An “esteemed correspondent,” who has written some of the best things yet said in America in behalf of the enfranchisement of woman, writes privately to express some solicitude, since, as she thinks, we are not ready for it yet. “I am convinced,” she writes, “of the abstract right of women to vote; but all I see of the conduct of the existing women, into whose hands this change would throw the power, inclines me to hope that this power will not be conceded till education shall have prepared a class of women fit to take the responsibilities.”

Gradual emancipation, in short!—for fear of trusting truth and justice to take care of themselves. Who knew, when the negroes were set free, whether they would at first use their freedom well, or ill? Would they work? would they avoid crimes? would they justify their freedom? The theory of education and preparation seemed very plausible. Against that, there was only the plain theory which Elizabeth Heyrick first announced to England,—“Immediate, unconditional emancipation.” “The best preparation for freedom is freedom.” What was true of the negroes then is true of women now.

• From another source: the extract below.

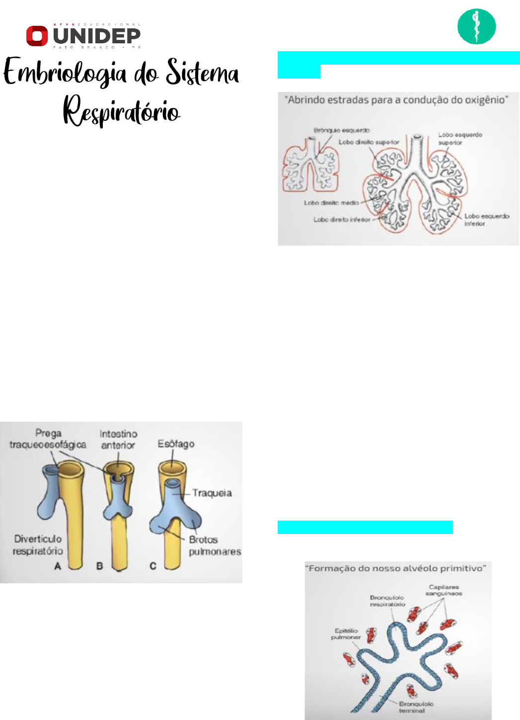 1 Aula SanarFlix ➢ Formação da Árvore Brônquica (4° semana do desenvolvimento) ➢ Desenvolvimento do parênquima pulmonar ➢ Formação da Pleura Endoderma – da origem a todo o epitélio do trato do sistema respiratório Mesoderma – cartilagens e vasos Ectoderma – sistema nervoso central 4 – 8° Semana = Organogênese Trato respiratório nasce do divertículo respiratório na 4° semana, esse divertículo sai do interior do intestino primitivo – é como se o esôfago e a traqueia fossem irmãos separados ao longo das semanas Formação da Traqueia 4° Semana Formação do divertículo Traqueia -> brotos pulmonares (é o pulmão direito e esquerdo na sua origem) Período Pseudoganglionar – 5 a 16° semana O parênquima pulmonar se forma paralelamente a formação da traqueia/acompanha a árvore brônquica. Formação dos brônquios direito e esquerdo - > porções lobares -> porções segmentares Lado Direito – 3 lobos pulmonares Lado Esquerdo – 2 lobos pulmonares Começa a formar uma árvore que vai se dividindo e dividindo – arvore brônquica vão aumentando e junto vai o tecido pulmonar Os lobos primitivos do pulmão Se um bebe nascer na 16° semana, é impossível que ele respire porque faltam estruturas especializadas – os alvéolos Não tem ainda a estrutura de troca gasosa Período Canalicular – 16° a 26° - formação do alvéolo primitivo 2 O sistema de condução continua se desenvolvimento e começa ter os primeiros contatos com o sistema sanguíneo – vasos sanguíneos Começa a surgir o alvéolo primitivo porque os vasos sanguíneos ficam próximo desses locais Bronquíolos respiratórios, bronquíolos terminais (condução) Formação de um epitélio pulmonar – células de epitélio achatadinhos para formar a nossa membrana de troca Já poderia ter troca gasosa num bebê de 26 semanas Período de Saco Terminal – 26° semana ao parto) As estruturas de troca começam se especializar ainda mais, o epitélio respiratório fica fininho e os capilares começam a ficar mais próximos dessas estruturas Surgimento de Células especializadas Surgimento do pneumócito Tipo 1 – reveste o saco alveolar Tipo 2 – fundamental porque produz o surfactante (um detergente que fica dentro dos nossos alvéolos e evita o colapso pela diminuição da tensão superficial) Se entrar em colapso o bebê não consegue respirar Período Alveolar (do parto aos 8 anos) Aonde de fato há o desenvolvimento máximo dessas estruturas As trocas acontecem de forma mais efetiva Movimentos respiratórios (inspiração e expiração) Remoção do líquido pulmonar após o nascimento -> líquido por ar depois que nasce Até os 8 anos aumenta o número de alvéolos – nossa função pulmonar só se estabelece depois da idade adulta Membrana alvéolo-capilar – MEMBRANA DE TROCA Surfactante e o alvéolo Se não tivesse essa membrana do alvéolo ele iria entrar em colapso – síndrome da angústia respiratória do recém nascido Alvéolos fechados e ele não tem força para abrir esses alvéolos 3 Formação da Pleura – Enquanto a árvore brônquica e as estruturas estão se desenvolvendo em paralelo há um canal pericardioperitoneal A nossa cavidade pleural e pericárdica está conectada inicialmente A partir que o sistema respiratório vai crescendo ele vai ganhando espaço e vai se formando o espaço pleural Pleura visceral – conectada no órgão Pleura Parietal – parte externa 4

“The lovelier traits of womanhood,” writes earnestly our correspondent, “simplicity, faith, guilelessness, unfit them to conduct public affairs, where one must deal with quacks and charlatans.... We are not all at once ‘as gods, knowing good and evil;’ and the very innocency of our lives, and the habits of pure homes, unfit us to manage a certain class who will flock to this standard.”

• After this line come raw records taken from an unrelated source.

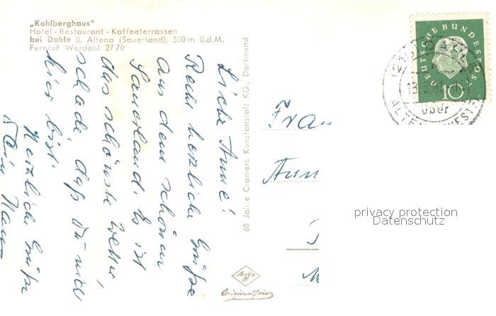 73714100 alte Postkarte Dahle Altena Kohlberghaus Hotel Restaurant postalisch gelaufen Erhaltung siehe scans [FriedD77] KatCode: 11110005962004
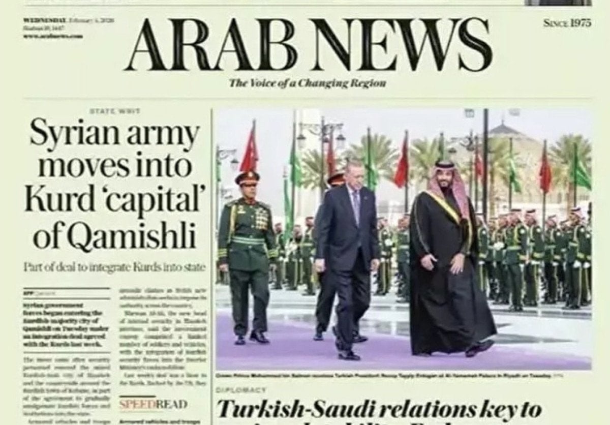 Saudi Gazette, Cumhurbaşkanı Erdoğan’ın Riyad’daki El-Yemame Sarayı’nda resmi törenle karşılandığını ve iki ülke arasında resmi görüşmeler yapıldığını aktarırken Al Madina gazetesi, Türkiye–Suudi Arabistan ilişkilerini siyasi, askeri ve ekonomik ufuklarıyla ele aldı.
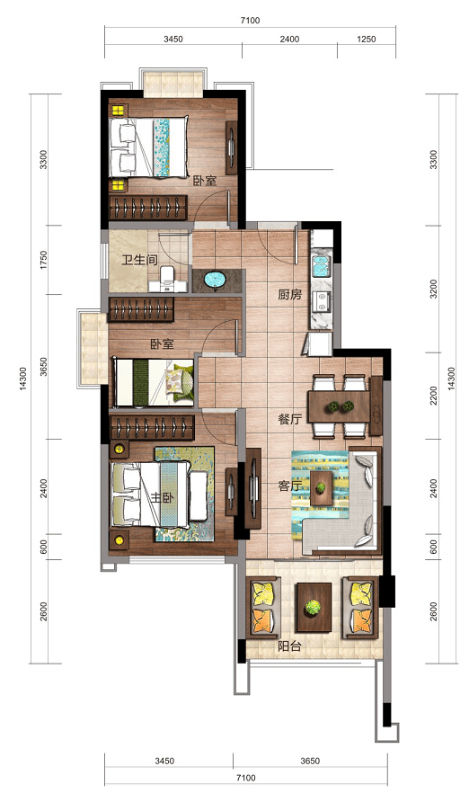 远山瞰景公寓·B户型:套内面积约64㎡,使用面积约91㎡,125万起,三室两厅一卫,海南稀缺紧凑型三房,南北通透,明厨明卫。
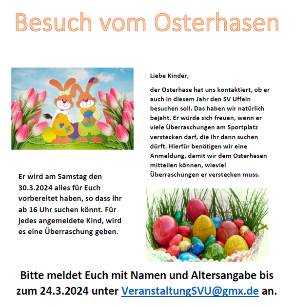 Auch in diesem Jahr besucht der Osterhase wieder den SV Uffeln. Er wird am Samstag, dem 30.3.2024, viele Überraschungen auf dem Sportplatz verstecken.Kinder, die mitsuchen möchten, müssen sich anmelden.
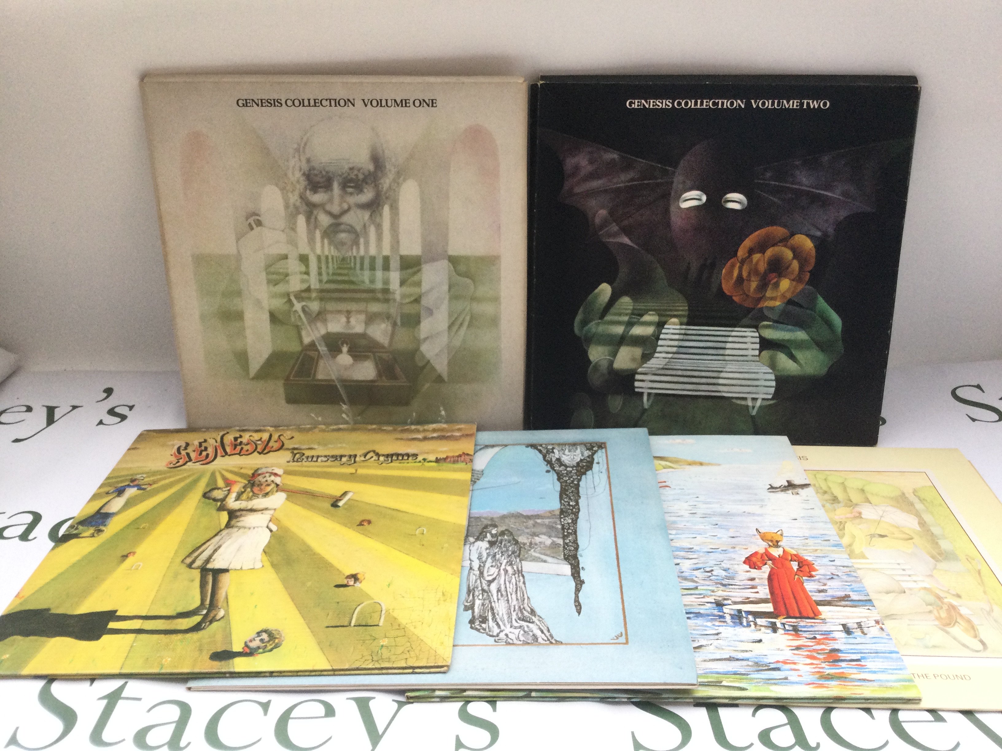 Genesis Collection Volumes one and two comprising four LPs including 'Trespass', 'Foxtrot', 'Nursery Cryme' and 'Selling England By The Pound'. Includes both posters.
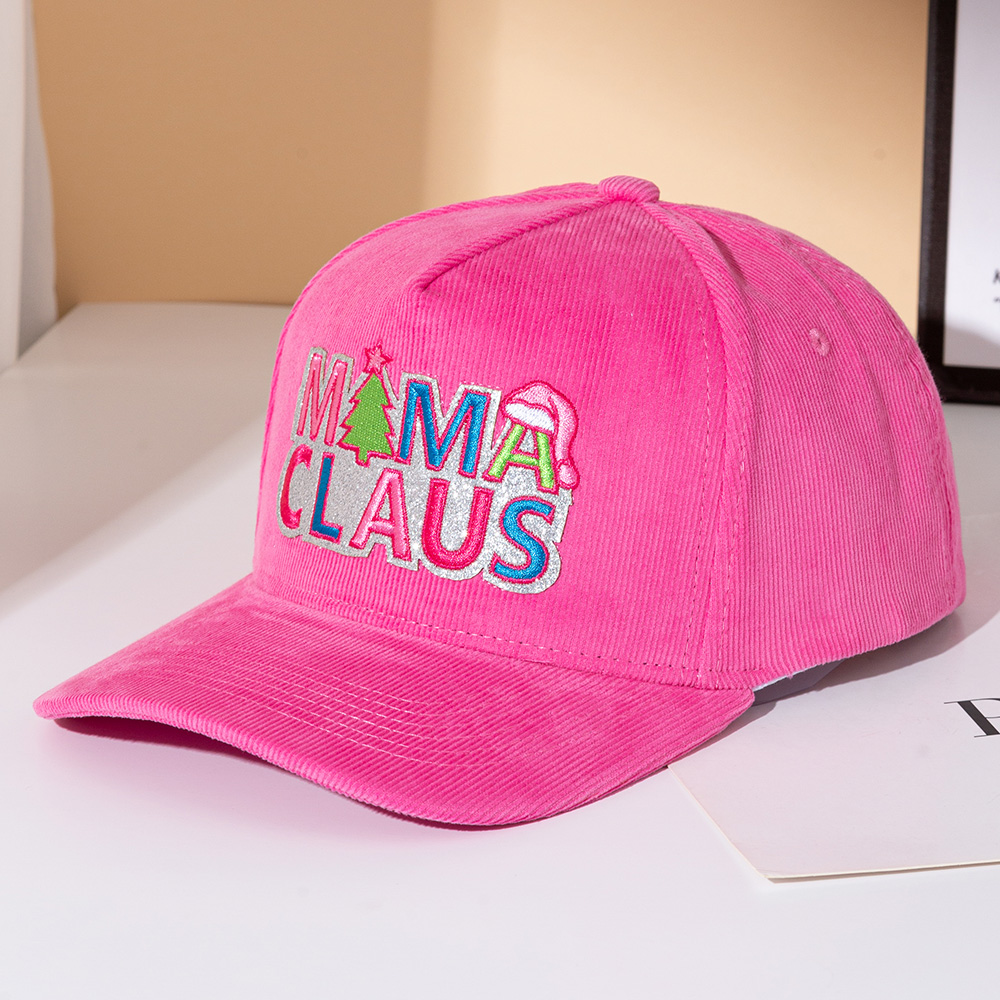 MAMA CLAUS Message Embroidered Corduroy Baseball Cap
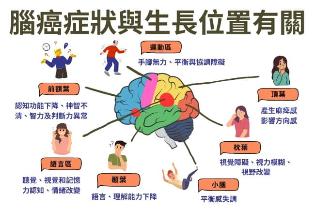 腦瘤的症狀因病灶在腦內的大小,位置及分佈的型態而定,因為腫瘤在顱內有限空間中生長,所以它會造成腦內壓力增加並且傷害到重要組織。
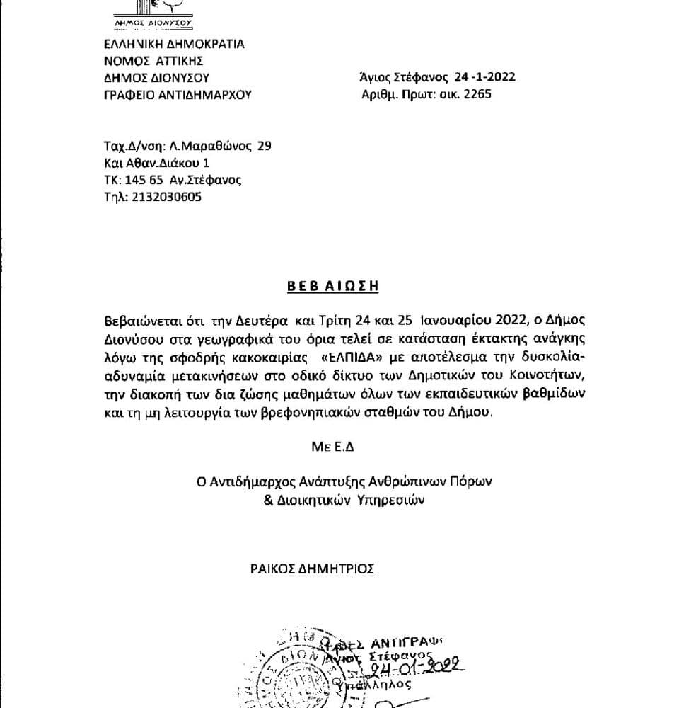 Διόνυσος Κακοκαιρία Ελπίδα: Βεβαίωση αδυναμίας μετακίνησης τις ημέρες της κακοκαιρίας – Ηλεκτρονικά από τον Δήμο Διονύσου24 Ιανουαρίου, 2022 Επικαιρότητα Προβλήματα ηλεκτροδότησης: Σε ποιες περιοχές παρατηρούνται – Τι αναφέρει ο ΔΕΔΔΗΕ24 Ιανουαρίου, 2022 Η πόλη σου Μαρούσι: Τραυματίστηκε δασκάλα που πήγαινε στο σχολείο να κάνει τηλεκπαίδευση24 Ιανουαρίου, 2022 Διόνυσος Δήμος Διονύσου (κακοκαιρία Ελπίδα): Επί ποδός ο Δήμος για απομάκρυνση κλαδιών24 Ιανουαρίου, 2022 Επικαιρότητα Κακοκαιρία Ελπίδα: Προβλήματα στα δρομολόγια του Ηλεκτρικού – Δεν εκτελούνται δρομολόγια στο τμήμα Ειρήνη – Κηφισιά24 Ιανουαρίου, 2022 Επικαιρότητα Κακοκαιρία Ελπίδα: Τα Βόρεια Προάστια σε εικόνες – Φωτορεπορτάζ από τις γειτονιές (pics)24 Ιανουαρίου, 2022 Επικαιρότητα Κακοκαιρία Ελπίδα: Αναβάλλονται οι εμβολιασμοί σε Αττική και Εύβοια24 Ιανουαρίου, 2022262263264265266

But the basis of all republican government is in the assumption that good is ultimately stronger than evil. If we once abandon this, our theory has gone to pieces, at any rate. If we hold to it, good women are no more helpless and useless than good men. The argument that would here disfranchise women has been used before now to disfranchise clergymen. I believe that in some States they are still disfranchised; and, if they are not, it is partly because good is found to be as strong as evil, after all, and partly because clergymen are not found to be so angelically good as to be useless. I am very confident that both these truths will be found to apply to women also.

Whatever else happens, we may be pretty sure that one thing will. The first step towards the enfranchisement of women will blow to the winds the tradition of the angelic superiority of women. Just as surely as women vote, we shall have occasionally women politicians, women corruptionists, and women demagogues. Conceding, for the sake of courtesy, that none such now exist, they will be born as instantaneously, after enfranchisement, as the frogs begin to pipe in the spring. Those who doubt it ignore human nature; and, if they are not prepared for this fact, they had better consider it in season, and take sides accordingly. In these pages, at least, they have been warned.